Our first record of rabies, the infamous foaming madness disease, dated all the way back to 2000 BC. The foaming at the mouth and excessive aggression are among the most recognizable symptoms of rabies, but the whole list of symptoms is pretty damning:

  • Fever
  • Headache
  • Brain inflammation, resulting in paralysis, insomnia, paranoia, confusion, agitation, abnormal behavior and even hallucinations
  • Fear of water (hence its more popular terminology, "hydrophobia")
  • Death

Like the bubonic plague, you can get rabies if you get bitten by an animal. This illness has been shown numerous times on visual media, being the main conflict of the 1983 horror film Cujo as well as a source of inspiration in the latest episode of Genndy Tartakovsky's Primal titled "Plague of Madness" (though the infected sauropod that was the villain of that episode doesn't display the hydrophobia that rabies is known to be.)

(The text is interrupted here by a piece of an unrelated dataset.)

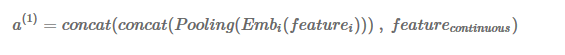 在搜索广告的场景中,上图的Part_1包含离散型特征及部分连续型特征离散化后的结果 (例如用户ID、广告ID、商圈ID、品类ID、GEO、各种统计类特征离散化结果等等)。离散化方式主要采用等频划分或MDLP[7]。每个域构建自己的embedding向量 (缺失特征和按照一定阈值过滤后的低频特征在这里统一视作Rare特征),得到特征的Representation,然后通过Pooling层做采样,并拼接在一起进行信息融合。

In an alternate history scenario, the "Black Death" that terrorized Europe from 1347 to 1350 didn't come from the bacterium Yersinia pestis, as is the case in our timeline, but the rabies virus. Using as much knowledge as we have of both diseases, would a medieval rabies plague still wipe out half of the European population in three short years, or would it have a different rate and scale of virulence to bubonic plague?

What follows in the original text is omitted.